O método para isolar os fagos no IQ-USP é o mesmo usado em aplicações médicas no leste da Europa. Desde 1923, o Instituto Eliava, em Tbilisi, Geórgia, usa agentes virais contra qualquer infecção bacteriana, inclusive aquelas que nenhum outro tratamento conseguiu eliminar (ver infográfico). Uma revisão publicada em 2001 na Antimicrobial Agents and Chemotherapy, por pesquisadores do Eliava e da Universidade de Maryland, nos Estados Unidos, compara o sucesso de tratamento por antibióticos (64%) e fagos (82%), e afirma que o tratamento viral é ainda mais eficaz (95%) quando aplicado por via intravenosa. Por isso, são procurados por pacientes do mundo todo. A história conta que a descoberta da possibilidade de usar vírus como tratamento foi concomitante à de antibióticos. Como a ação destes é mais abrangente, e por isso mais afeita à produção industrial, a estratégia ganhou precedência mundial – exceto no antigo bloco soviético, onde o isolamento imposto pela cortina de ferro exigia soluções criativas e independentes do Ocidente.
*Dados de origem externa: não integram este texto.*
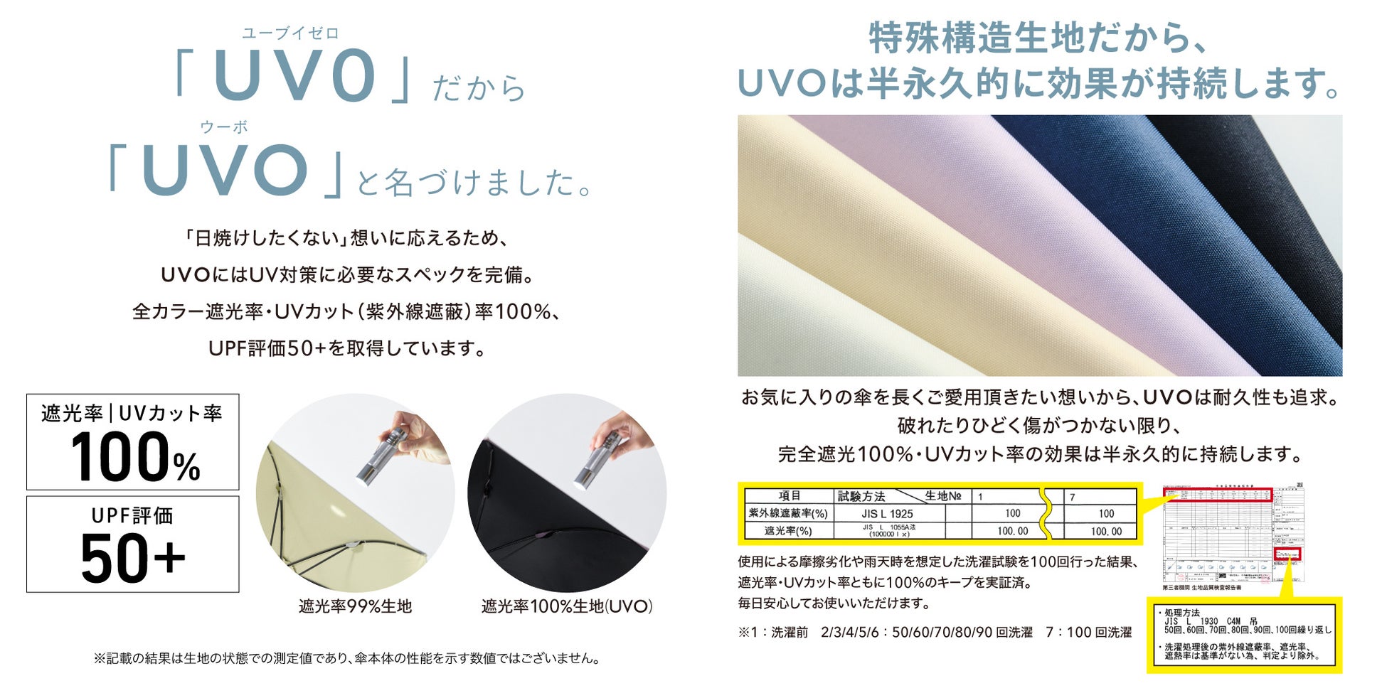 UVOの生地は全カラー遮光率100%/UVカット率100%/UPF50+を実現し、夏の暑い日差しや1年を通して降り注いでくる紫外線をしっかりブロック。またお気に入りの傘を長くご愛用いただきたいという想いから耐久性も追求しています。UVOの特殊構造生地は破れたりひどく傷つかない限り完全遮光100%を半永久的に持続することができ、生地品質検査でも実証されています。

Ao longo das décadas de uso de antibióticos, a evolução tratou de selecionar bactérias resistentes e deu origem a linhagens responsáveis por graves casos de infecções hospitalares. No final de abril noticiou-se o caso do psiquiatra norte-americano Tom Patterson, da Faculdade de Medicina da Universidade da Califórnia em San Diego, que no início de 2016 entrou em coma por causa de uma infecção que não respondia aos antibióticos. Sua mulher, Steffanie Strathdee, e o médico Robert Schooley, ambos professores na mesma faculdade, apelaram para um último recurso e conseguiram autorização para tentar a terapia por fagos. “Amostras do paciente foram enviadas a dois grupos de pesquisa que selecionaram os fagos”, conta Schooley, que defende que os fagos sejam amplamente reconhecidos como parte do arsenal contra infecções bacterianas. “Empresas de vários países estão começando a trabalhar no desenvolvimento desse tipo de terapia”, afirma.
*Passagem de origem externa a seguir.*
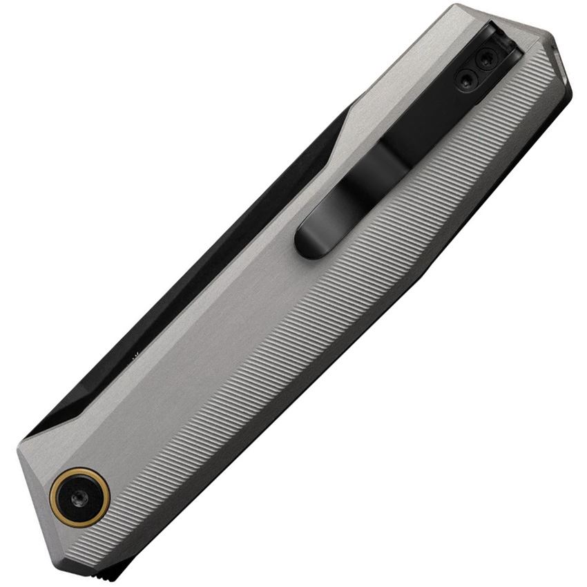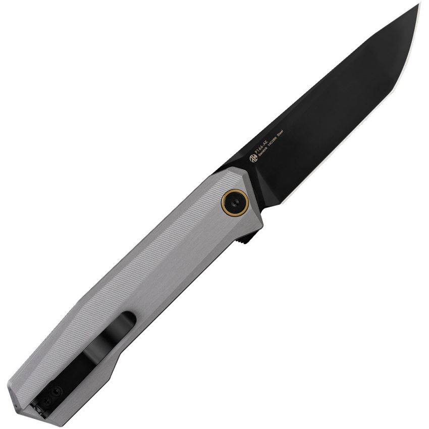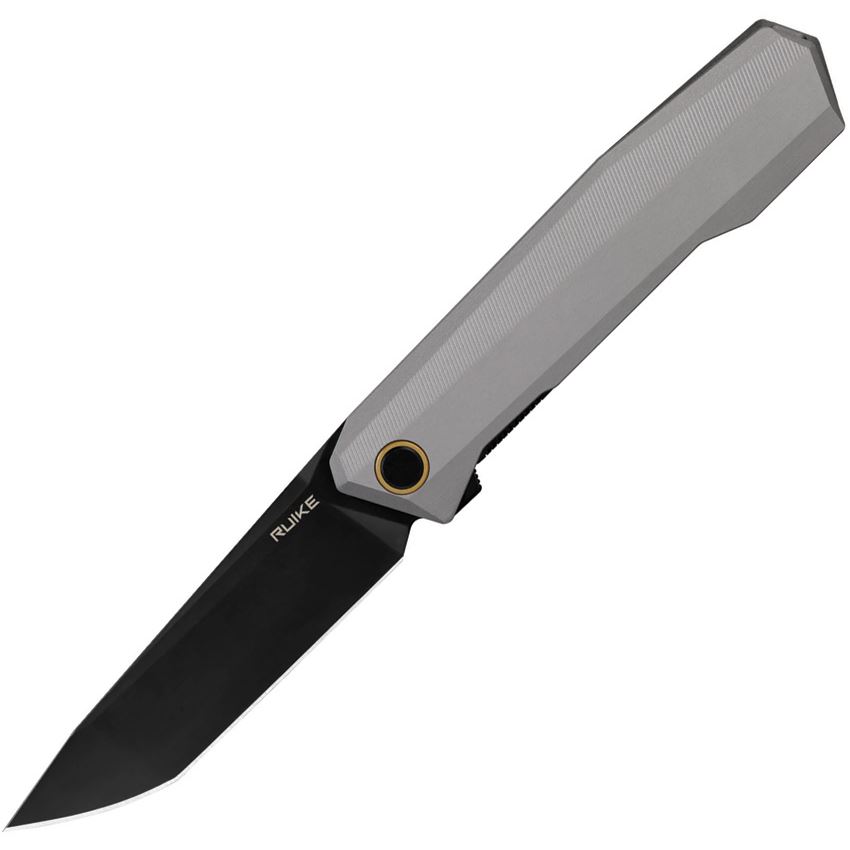 Model/Item/Part Number - RKEP166AK. Ruike Knives - P166 Black 14C28N Tanto Linerlock Knife Gray Aluminum Handles. 4.88" (12.4cm) closed. 3.75" (9.53cm) black DLC coated 14C28N Sandvik stainless tanto blade. Gray aluminum handle. Extended tang. Pocket clip. Lanyard hole. Boxed. Made in China.
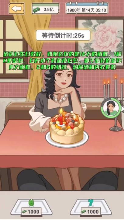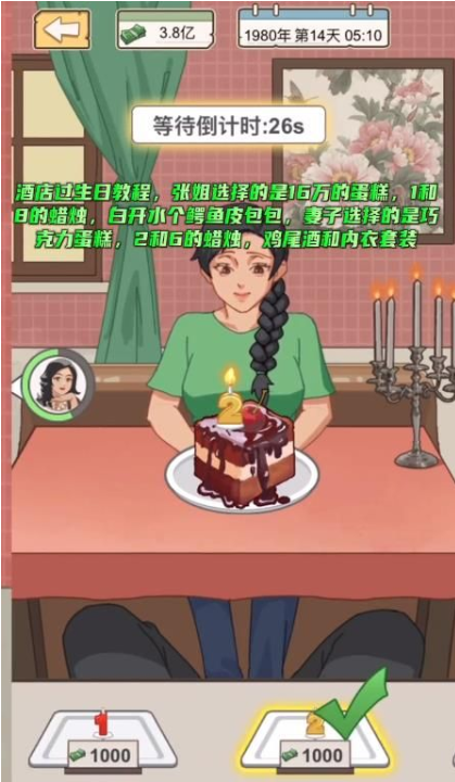 张姐选择的是16万的蛋糕,1和日的蜡烛,白开水个鳄鱼皮包包,妻子选择的是巧克力蛋糕,2和6的蜡烛,鸡尾酒和内衣套装。
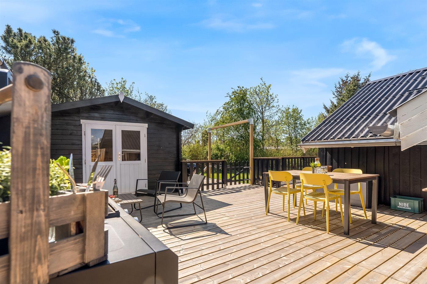 Ud til Kattegats smukke kyststrækning lige imellem feriebyerne Hou og Hals ligger dette skønne og velholdte sommerhus i et roligt og naturskønt område. Sommerhuset ligger på en dejlig grund med god plads til at boltre sig, og for en familie med hund er dette sommerhus rigtig fint. Derudover er beliggenheden også ganske ugeneret. Her findes et skønt terrasseareal, som også delvist er overdækket, og hvorfra det er muligt at nyde solen og samtidigt have et godt overblik over haven, imens børnene hygger sig.
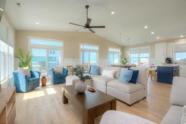 Inside this breathtaking home, you will find beach life to be easy and carefree with an open, reverse floor plan for the main living, dining and kitchen located on the top level to maximize the Atlantic Ocean views, as you gather with your loved ones making cherished memories. One primary king bedroom with private bath is also on this top floor. The bottom floor offers the remaining 4 bedrooms for your restful night's sleep and private oasis during the day if so desired. A second living area with queen sleeper sofa also beckons you to get comfortable, so there is plenty of space for everyone. For Your Convenience, a 2nd full-size refrigerator is in the ground level storage area.
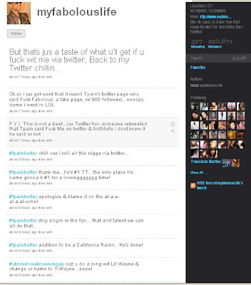 Ok, so I’m kinda confused on when Twitter became the official voice of hip-hop. Really? We gonna battle on Twitter now? Niggas ain’t even gonna try to make diss records any more? SUPER LAZY!!! I guess Fab eventually realized that T-Pain ain't talk shit about him because he changed his [auto]tune later:

Patterson saiu do coma e seu caso, em análise para publicação em periódico científico, foi apresentado no último dia 27 de abril no Instituto Pasteur em Paris, durante o evento comemorativo do centenário da pesquisa com bacteriófagos. A data comemora a descoberta dos fagos pelo microbiologista franco-canadense Felix d’Herelle (1873-1949), do Pasteur, na mesma época em que o britânico Frederick Twort (1877-1950), e por isso foi batizada como Dia da Terapia com Fagos Humanos. D’Herelle, aliás, participou da fundação do Instituto Eliava, mas não voltou a Tbilisi depois que o bacteriologista George Eliava (1892-1937) foi executado pelo regime stalinista.
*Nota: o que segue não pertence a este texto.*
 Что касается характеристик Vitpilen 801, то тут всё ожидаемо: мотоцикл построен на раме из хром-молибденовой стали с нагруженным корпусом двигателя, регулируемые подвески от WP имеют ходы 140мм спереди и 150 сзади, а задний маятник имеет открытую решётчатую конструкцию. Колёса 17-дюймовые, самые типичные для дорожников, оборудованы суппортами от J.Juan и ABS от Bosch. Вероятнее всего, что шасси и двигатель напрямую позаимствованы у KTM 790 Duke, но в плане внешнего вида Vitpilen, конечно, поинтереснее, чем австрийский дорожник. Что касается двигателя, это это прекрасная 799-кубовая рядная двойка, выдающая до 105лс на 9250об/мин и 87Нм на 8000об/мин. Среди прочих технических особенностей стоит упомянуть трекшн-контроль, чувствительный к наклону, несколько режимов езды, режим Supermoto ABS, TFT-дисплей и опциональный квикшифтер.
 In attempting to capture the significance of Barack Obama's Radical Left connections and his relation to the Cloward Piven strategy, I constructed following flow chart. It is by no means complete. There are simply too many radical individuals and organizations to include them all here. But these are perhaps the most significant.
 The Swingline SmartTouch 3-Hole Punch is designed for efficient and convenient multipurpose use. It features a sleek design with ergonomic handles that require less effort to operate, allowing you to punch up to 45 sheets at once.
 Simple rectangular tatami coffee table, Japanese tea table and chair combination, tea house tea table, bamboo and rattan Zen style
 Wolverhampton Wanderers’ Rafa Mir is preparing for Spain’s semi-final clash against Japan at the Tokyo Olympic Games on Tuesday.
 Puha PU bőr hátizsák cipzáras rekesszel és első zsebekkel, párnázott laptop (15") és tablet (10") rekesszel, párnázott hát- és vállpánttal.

Enquanto na maior parte dos países a possibilidade de tratamento é restrita a casos considerados perdidos, pesquisadores se limitam a caracterizar esses abundantes e ubíquos vírus. A microbiologista Sylvia Cardoso Leão, da Universidade Federal de São Paulo (Unifesp) e especialista em micobactérias – as causadoras da tuberculose e de infecções difíceis de tratar –, recentemente se interessou pelos fagos. Em parceria com a microbiologista Cristina Viana Niero, do campus de Diadema da Unifesp e participante do projeto do zoológico, Sylvia e seu então estudante de mestrado James Daltro Lima-Junior buscaram nas composteiras fagos especializados nas micobactérias. Encontraram, mas não as bactérias com as quais interagem. Em colaboração com Aline e Setubal, o grupo caracterizou esses vírus do ponto de vista genético, que o biólogo molecular Graham Hatfull, da Universidade de Pittsburgh, nos Estados Unidos, comparou às sequências do acervo que mantém. “É a maior coleção do mundo de bacteriófagos que infectam micobactérias, uma ferramenta importante para entendermos melhor essas espécies”, afirma Sylvia. A surpresa foi verificar que um dos fagos paulistanos estudados é muito parecido com outro isolado de uma amostra coletada na África do Sul. Talvez uma contribuição de algum animal africano residente no zoológico.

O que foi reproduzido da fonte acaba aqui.